=== Begin Enclosure ===

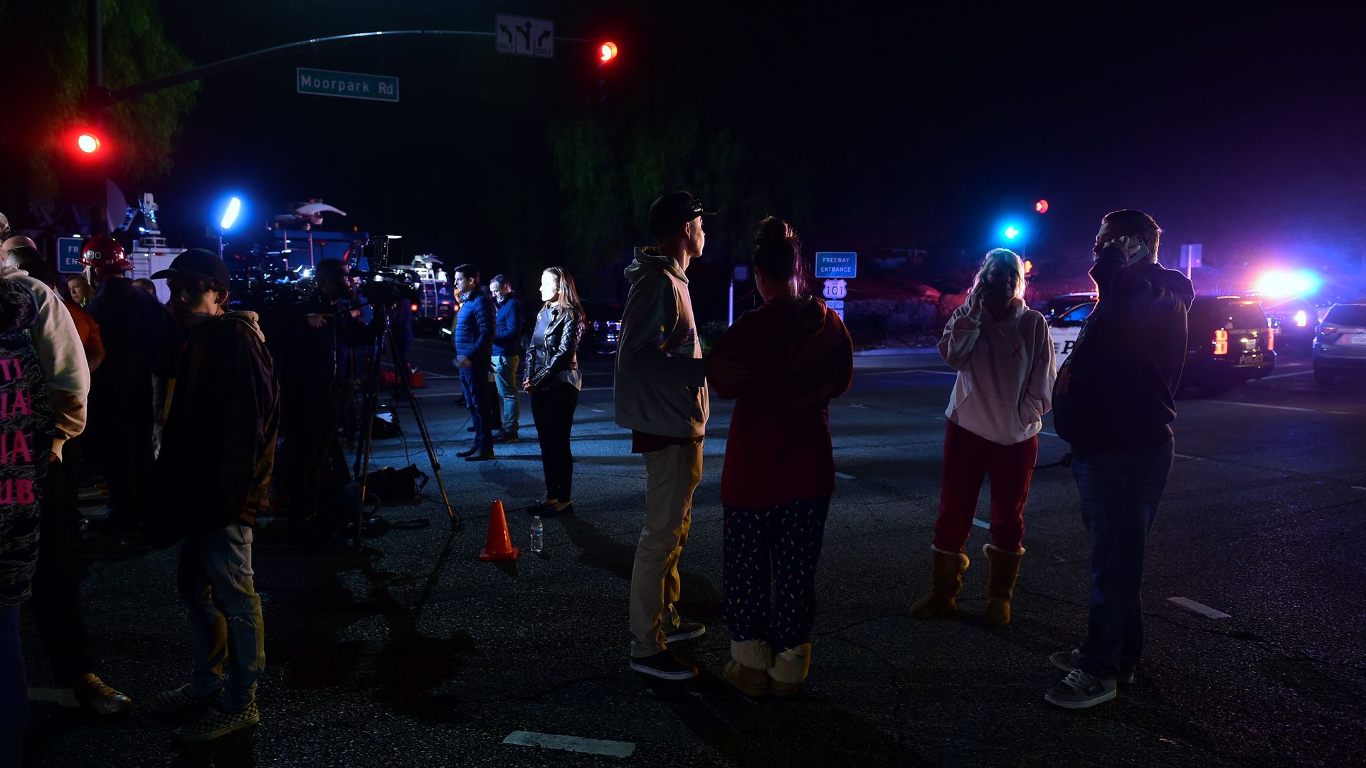 People stand and watch as police vehicles close off the area outside a country music bar and dance hall in Thousand Oaks, California. Photo: Frederic J. Brown/AFP/Getty Images
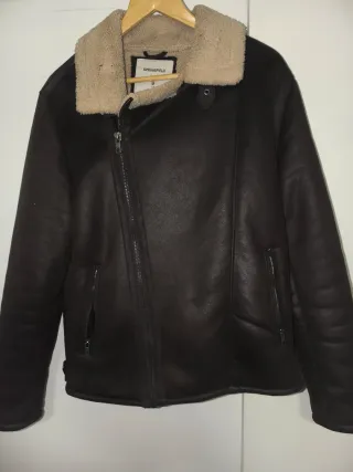 Cazadora marrón de piel sintetica estilo aviador con forro de borrego. - Cierre de cremallera. - Bolsillos laterales con cremallera. - Cuello ancho de borrego.
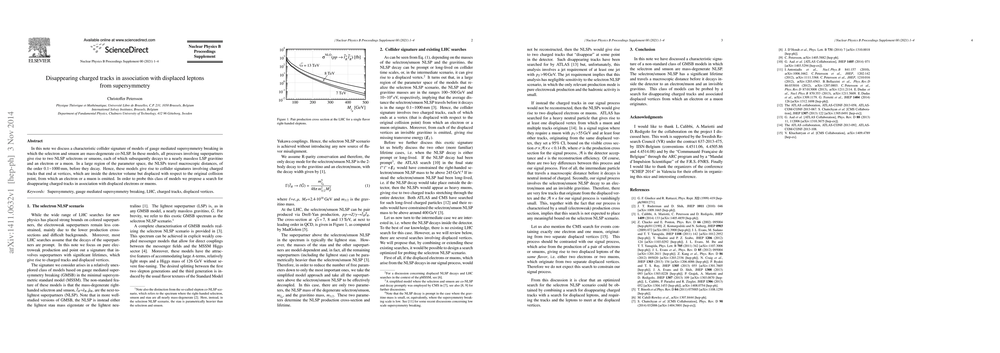 In this note we discuss a characteristic collider signature of models of gauge mediated supersymmetry breaking in which the selectron and smuon are mass-degenerate co-NLSP. In these models, all processes involving superpartners give rise to two NLSP selectrons or smuons, each of which subsequently decays to a nearly massless LSP gravitino and an electron or a muon. In a large region of the parameter space, the NLSPs travel macroscopic distances, of the order 0.1-1000 mm, before they decay. Hence, these models give rise to collider signatures involving charged tracks that end at vertices, which are inside the detector volume but displaced with respect to the original collision point, from which an electron or a muon is emitted. In order to probe this class of models we propose a search for disappearing charged tracks in association with displaced electrons or muons.
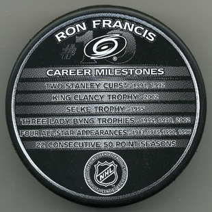 Ron Francis Night. January 28, 2006. Lists Ron's milestones.
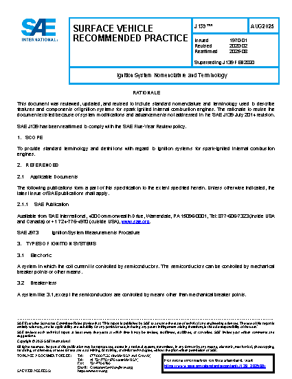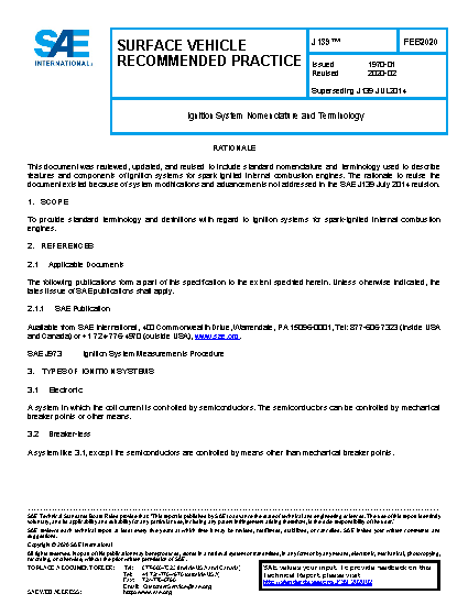 To provide standard terminology and definitions with regard to ignition systems for spark-ignited internal combustion engines.
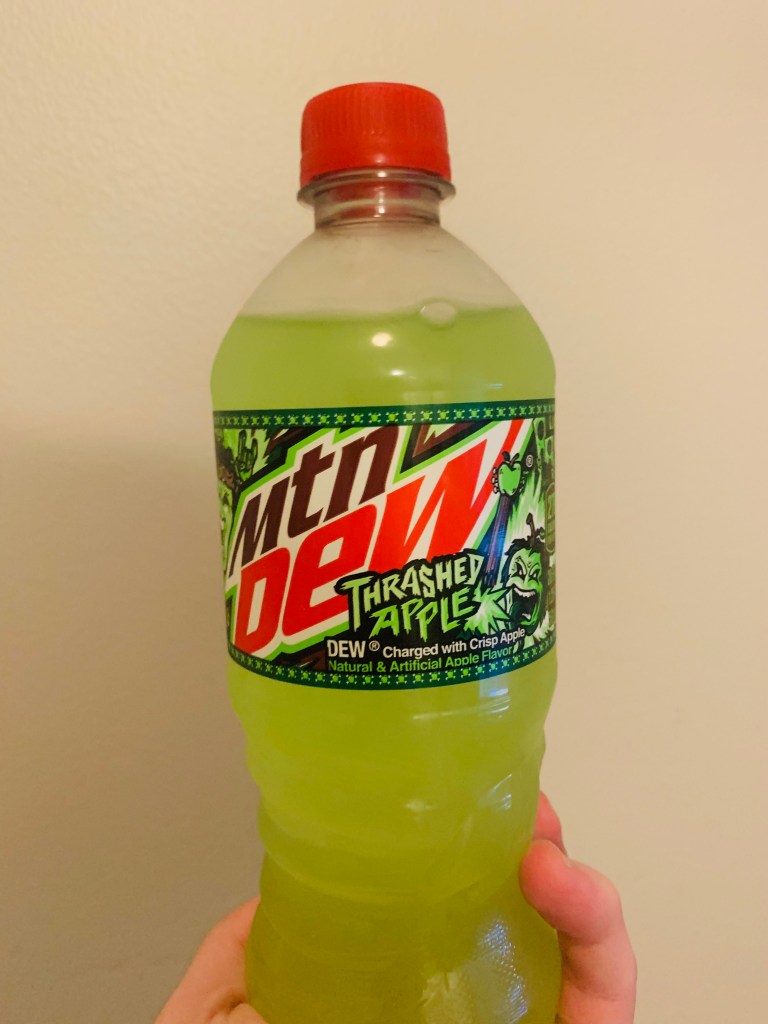 Anyhow, what I am a sucker for is snazzy advertising that sticks in my brain and such is the case with the apparently Kroger grocery story exclusive Mountain Dew Thrashed Apple promising a Dew “charged with crisp apple.” I’ve sent it while shopping at Kroger many a time and I got that dang hankering!
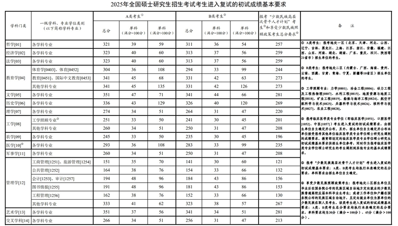 | 《2025年全國碩士研究生招生考試考生進(jìn)入復(fù)試的初試成績基本要求》(國家分?jǐn)?shù)線) |
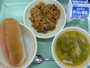 背割りパン レタススープ チリドッグの具 牛乳
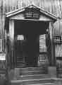 Entisen seurakuntatalon sisäänkäynti, jonka yläpuolella on kilpi "Yhteysosasto". | B4-20-010-0317
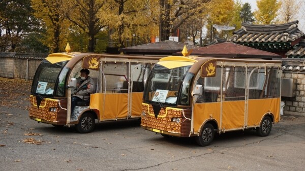행주관람차는 행주산성 내를 순환하는 2대의 전기차로 휠체어 이용객도 탑승할 수 있다.
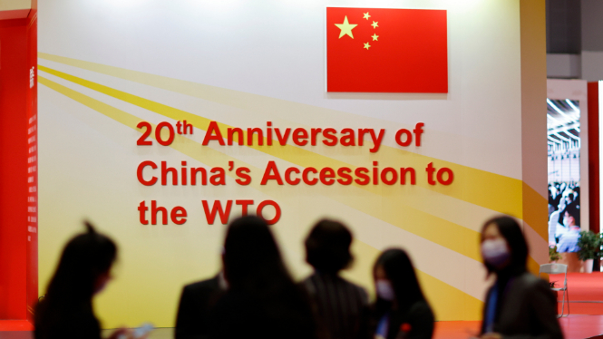 参观者在中国国家会展中心(上海)参观中国加入世界贸易组织二十周年专题展。(图片来源:中新社)
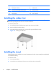 5. Press the SODIMM down into the compartment (2). 6. If you are installing the SODIMM in the HP t610 Thin Client, place a thermal pad on the SODIMM. CAUTION: The thermal pad is required to help cool the SODIMM in the HP t610 Thin Client. (The HP t610 PLUS Thin Client does not require a thermal pad.) Figure 2-10 Installing the thermal pad in the HP t610 Thin Client 7. Insert the tab on the front edge of the access plate into its slot (1) and press the plate down lightly to engage the latch (2).
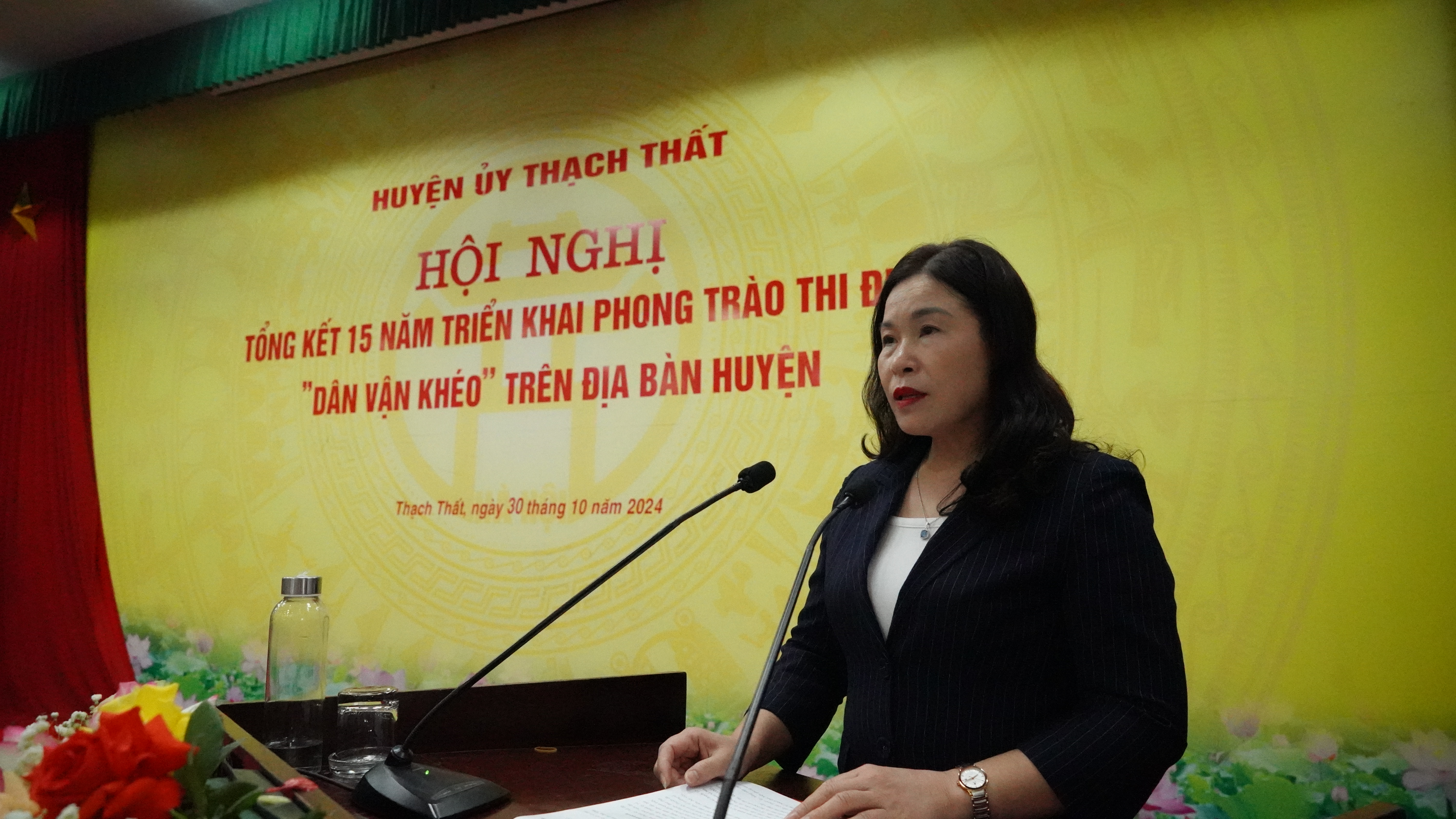 Phát biểu chỉ đạo tại hội nghị, đồng chí Vũ Hà -Thành ủy viên- Phó trưởng Ban Thường trực Ban Dân vận Thành ủy Hà Nội, đồng chí Nguyễn Minh Hồng- Phó Bí thư Thường trực Huyện ủy- Chủ tịch HĐND huyện Thạch Thất đánh giá cao những kết quả đạt được trong 15 năm triển khai thực hiện phong trào thi đua “Dân vận khéo” giai đoạn 2009 - 2024 trên địa bàn huyện. Phong trào đã được triển khai rộng khắp, phát huy được sức mạnh đoàn kết của cả hệ thống chính trị; huy động nguồn lực to lớn từ sức mạnh và sự đồng thuận, ủng hộ của Nhân dân, cùng với cấp ủy, chính quyền các cấp thực hiện thành công các nhiệm vụ trọng tâm của huyện, tạo động lực quan trọng để xây dựng huyện Thạch Thất phát triển nhanh và bền vững.

=== End Enclosure ===

PROBLEM:
This task calls for the lines from the line holding "参观者在中国国家会展中心(上" through the last line above, restated word for word with both ends included and the pictures dropped.

WRITTEN SOLUTION:
 参观者在中国国家会展中心(上海)参观中国加入世界贸易组织二十周年专题展。(图片来源:中新社)
 5. Press the SODIMM down into the compartment (2). 6. If you are installing the SODIMM in the HP t610 Thin Client, place a thermal pad on the SODIMM. CAUTION: The thermal pad is required to help cool the SODIMM in the HP t610 Thin Client. (The HP t610 PLUS Thin Client does not require a thermal pad.) Figure 2-10 Installing the thermal pad in the HP t610 Thin Client 7. Insert the tab on the front edge of the access plate into its slot (1) and press the plate down lightly to engage the latch (2).
 Phát biểu chỉ đạo tại hội nghị, đồng chí Vũ Hà -Thành ủy viên- Phó trưởng Ban Thường trực Ban Dân vận Thành ủy Hà Nội, đồng chí Nguyễn Minh Hồng- Phó Bí thư Thường trực Huyện ủy- Chủ tịch HĐND huyện Thạch Thất đánh giá cao những kết quả đạt được trong 15 năm triển khai thực hiện phong trào thi đua “Dân vận khéo” giai đoạn 2009 - 2024 trên địa bàn huyện. Phong trào đã được triển khai rộng khắp, phát huy được sức mạnh đoàn kết của cả hệ thống chính trị; huy động nguồn lực to lớn từ sức mạnh và sự đồng thuận, ủng hộ của Nhân dân, cùng với cấp ủy, chính quyền các cấp thực hiện thành công các nhiệm vụ trọng tâm của huyện, tạo động lực quan trọng để xây dựng huyện Thạch Thất phát triển nhanh và bền vững.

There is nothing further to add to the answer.